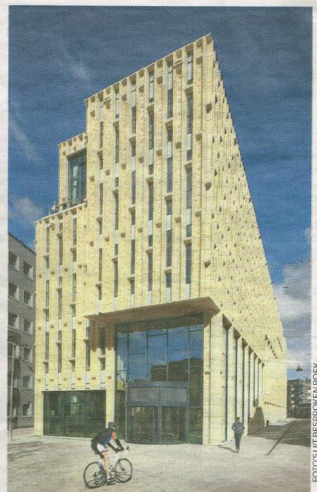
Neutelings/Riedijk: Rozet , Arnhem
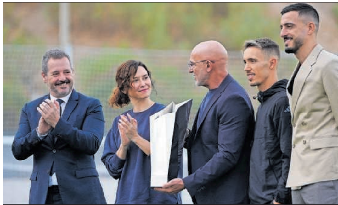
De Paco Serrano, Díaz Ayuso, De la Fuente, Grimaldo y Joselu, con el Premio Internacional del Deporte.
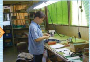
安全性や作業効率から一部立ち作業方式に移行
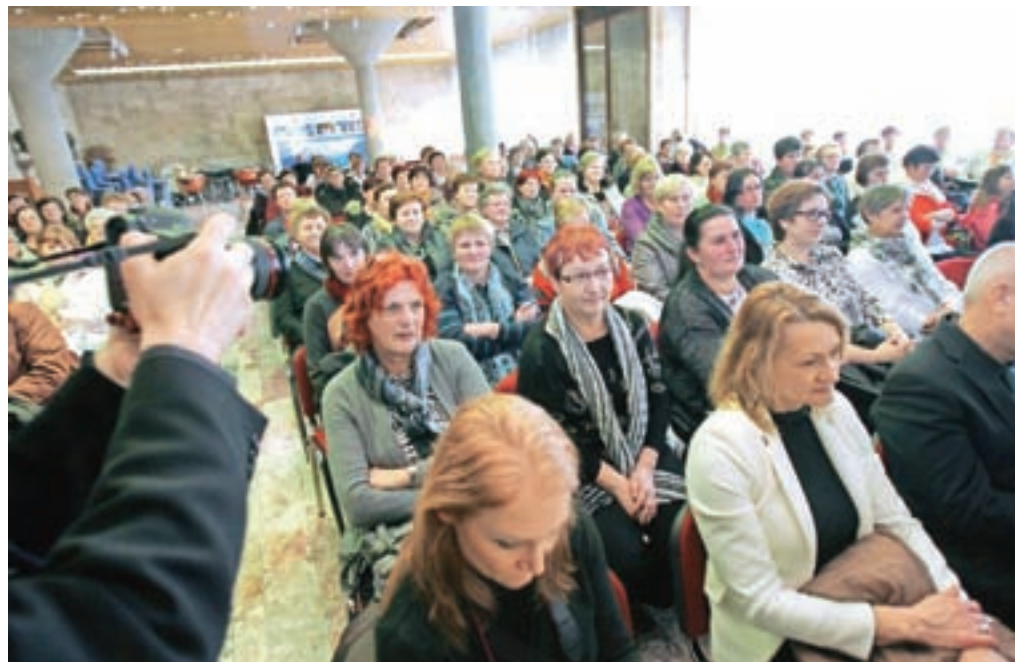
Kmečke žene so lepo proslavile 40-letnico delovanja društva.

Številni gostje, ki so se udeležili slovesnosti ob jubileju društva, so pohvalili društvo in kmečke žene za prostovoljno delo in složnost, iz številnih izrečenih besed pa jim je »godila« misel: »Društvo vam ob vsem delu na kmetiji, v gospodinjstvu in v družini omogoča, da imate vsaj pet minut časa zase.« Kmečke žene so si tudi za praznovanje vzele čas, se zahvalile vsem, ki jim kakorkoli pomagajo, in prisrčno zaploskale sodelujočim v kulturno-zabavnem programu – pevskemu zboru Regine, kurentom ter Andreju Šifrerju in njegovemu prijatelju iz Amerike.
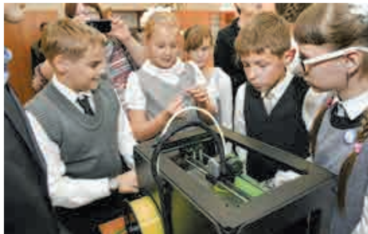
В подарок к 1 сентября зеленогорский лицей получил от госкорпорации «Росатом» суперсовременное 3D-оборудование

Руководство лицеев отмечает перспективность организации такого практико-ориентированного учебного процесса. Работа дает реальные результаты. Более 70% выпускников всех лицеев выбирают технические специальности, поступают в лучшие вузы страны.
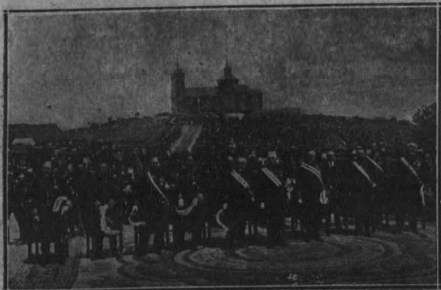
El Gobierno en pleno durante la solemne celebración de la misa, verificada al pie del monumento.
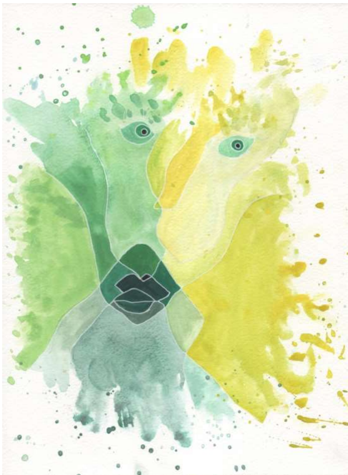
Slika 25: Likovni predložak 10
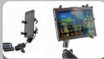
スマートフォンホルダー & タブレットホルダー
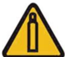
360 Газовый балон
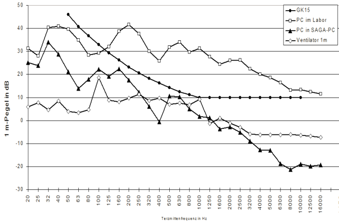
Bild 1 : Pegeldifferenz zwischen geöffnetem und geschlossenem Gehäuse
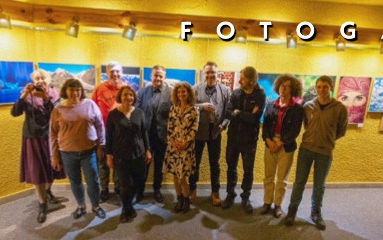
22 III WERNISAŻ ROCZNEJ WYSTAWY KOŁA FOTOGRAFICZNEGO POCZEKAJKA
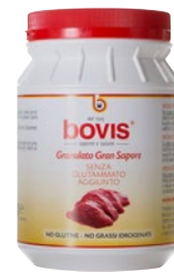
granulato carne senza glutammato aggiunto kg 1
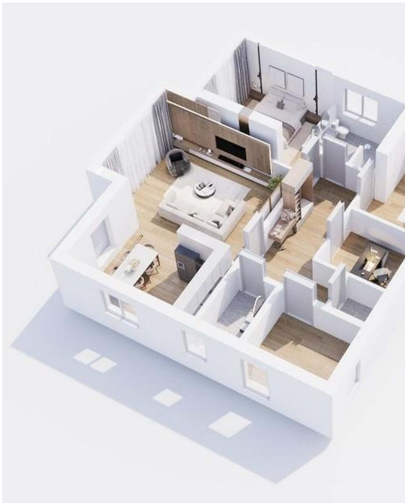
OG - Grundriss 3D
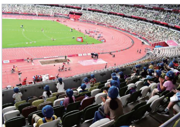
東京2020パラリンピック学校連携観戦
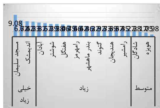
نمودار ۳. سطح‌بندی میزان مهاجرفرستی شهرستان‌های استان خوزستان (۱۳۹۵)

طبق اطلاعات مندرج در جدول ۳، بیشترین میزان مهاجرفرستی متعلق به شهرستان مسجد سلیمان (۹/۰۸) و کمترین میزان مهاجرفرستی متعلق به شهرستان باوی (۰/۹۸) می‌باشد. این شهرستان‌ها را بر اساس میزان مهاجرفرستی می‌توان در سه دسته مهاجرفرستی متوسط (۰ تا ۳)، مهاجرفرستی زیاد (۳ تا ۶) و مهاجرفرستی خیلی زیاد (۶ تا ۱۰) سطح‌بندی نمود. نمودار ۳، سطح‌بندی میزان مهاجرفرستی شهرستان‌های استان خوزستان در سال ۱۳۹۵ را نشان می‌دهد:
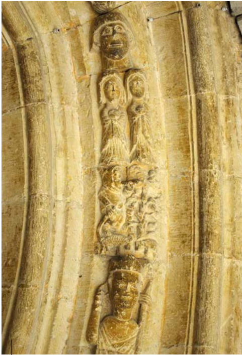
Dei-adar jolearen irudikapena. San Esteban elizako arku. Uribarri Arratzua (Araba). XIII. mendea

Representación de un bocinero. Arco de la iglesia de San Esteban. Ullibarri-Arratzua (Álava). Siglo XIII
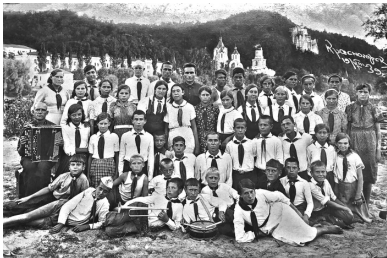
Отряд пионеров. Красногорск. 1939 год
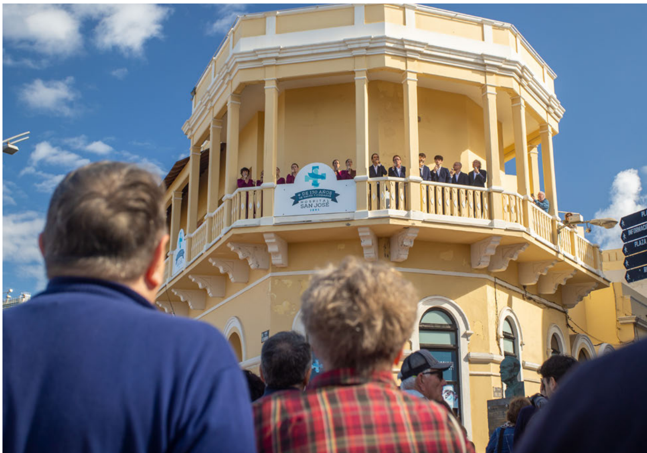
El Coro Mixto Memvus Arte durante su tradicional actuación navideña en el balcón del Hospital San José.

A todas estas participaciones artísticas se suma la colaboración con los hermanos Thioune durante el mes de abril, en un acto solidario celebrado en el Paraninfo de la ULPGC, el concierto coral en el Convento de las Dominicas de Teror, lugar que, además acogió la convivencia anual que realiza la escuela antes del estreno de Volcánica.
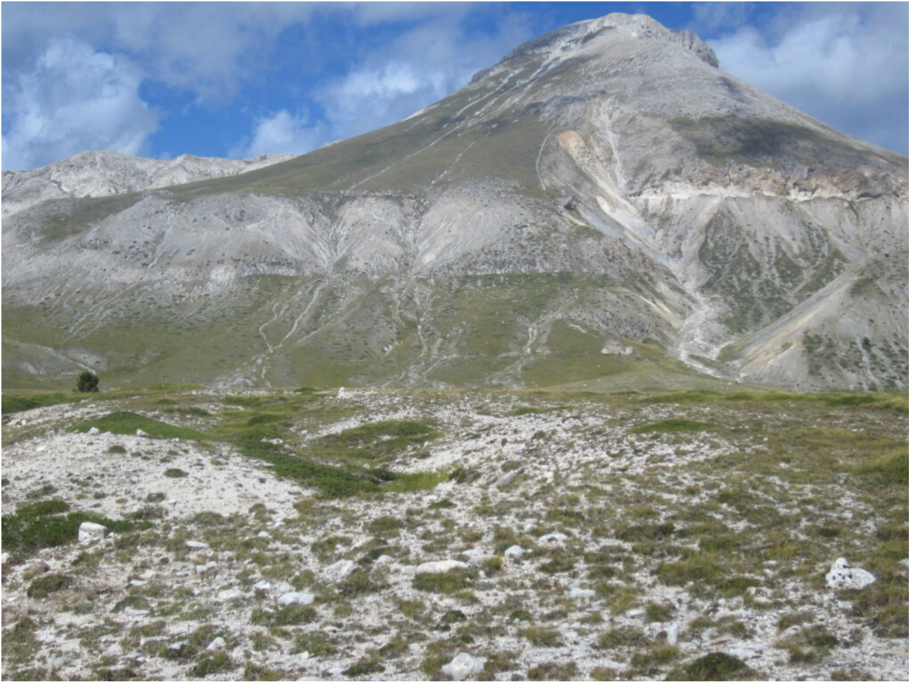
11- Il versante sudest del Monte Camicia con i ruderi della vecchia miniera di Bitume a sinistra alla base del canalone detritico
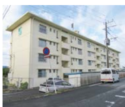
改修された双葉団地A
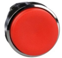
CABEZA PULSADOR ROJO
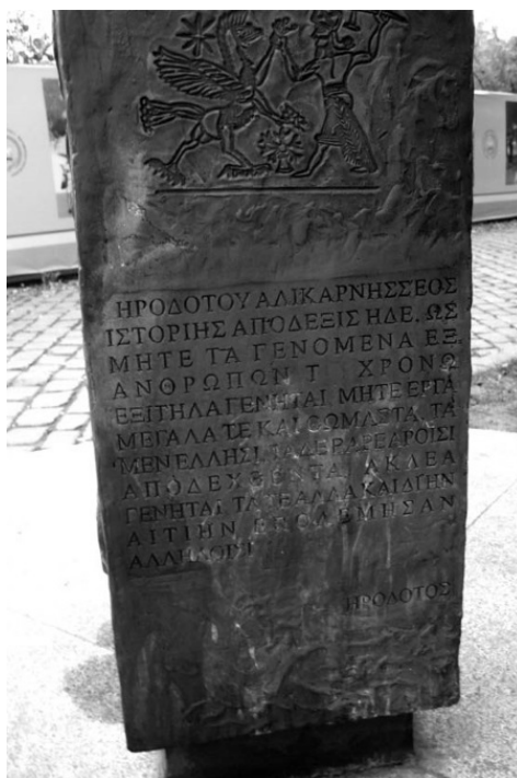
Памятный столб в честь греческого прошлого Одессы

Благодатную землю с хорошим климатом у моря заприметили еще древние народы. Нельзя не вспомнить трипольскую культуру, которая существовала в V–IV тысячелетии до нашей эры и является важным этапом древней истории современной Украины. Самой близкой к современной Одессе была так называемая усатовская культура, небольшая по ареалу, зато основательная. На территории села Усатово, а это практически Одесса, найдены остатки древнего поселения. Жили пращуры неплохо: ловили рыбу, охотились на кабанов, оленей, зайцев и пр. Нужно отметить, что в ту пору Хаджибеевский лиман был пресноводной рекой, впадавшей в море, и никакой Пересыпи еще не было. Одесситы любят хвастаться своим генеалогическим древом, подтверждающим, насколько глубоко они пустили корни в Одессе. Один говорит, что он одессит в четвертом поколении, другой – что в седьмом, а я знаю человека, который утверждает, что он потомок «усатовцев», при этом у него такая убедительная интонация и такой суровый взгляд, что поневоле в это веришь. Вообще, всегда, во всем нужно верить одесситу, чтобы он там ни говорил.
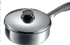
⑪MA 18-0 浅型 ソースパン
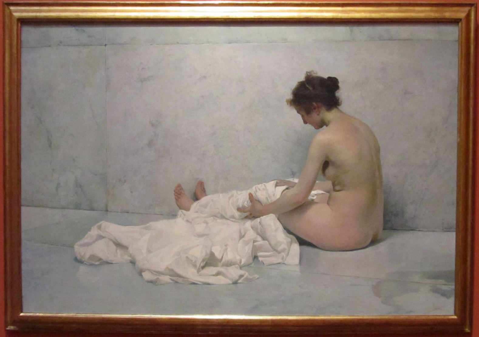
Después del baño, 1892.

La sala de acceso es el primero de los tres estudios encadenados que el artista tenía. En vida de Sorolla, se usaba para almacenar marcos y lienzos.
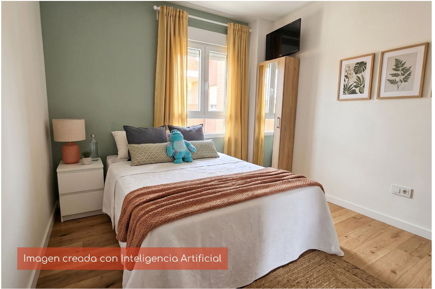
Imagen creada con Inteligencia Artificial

· · · · ·

-- Task details --
The result should be an exact copy of only the lines above from the one that holds "スマートフォンホルダー & タブレットホルダー" through the one that holds "نمودار ۳. سطح‌بندی", both ends included, without pictures.

-- Output for this exercise --
スマートフォンホルダー & タブレットホルダー
360 Газовый балон
Bild 1 : Pegeldifferenz zwischen geöffnetem und geschlossenem Gehäuse
22 III WERNISAŻ ROCZNEJ WYSTAWY KOŁA FOTOGRAFICZNEGO POCZEKAJKA
granulato carne senza glutammato aggiunto kg 1
OG - Grundriss 3D
東京2020パラリンピック学校連携観戦
نمودار ۳. سطح‌بندی میزان مهاجرفرستی شهرستان‌های استان خوزستان (۱۳۹۵)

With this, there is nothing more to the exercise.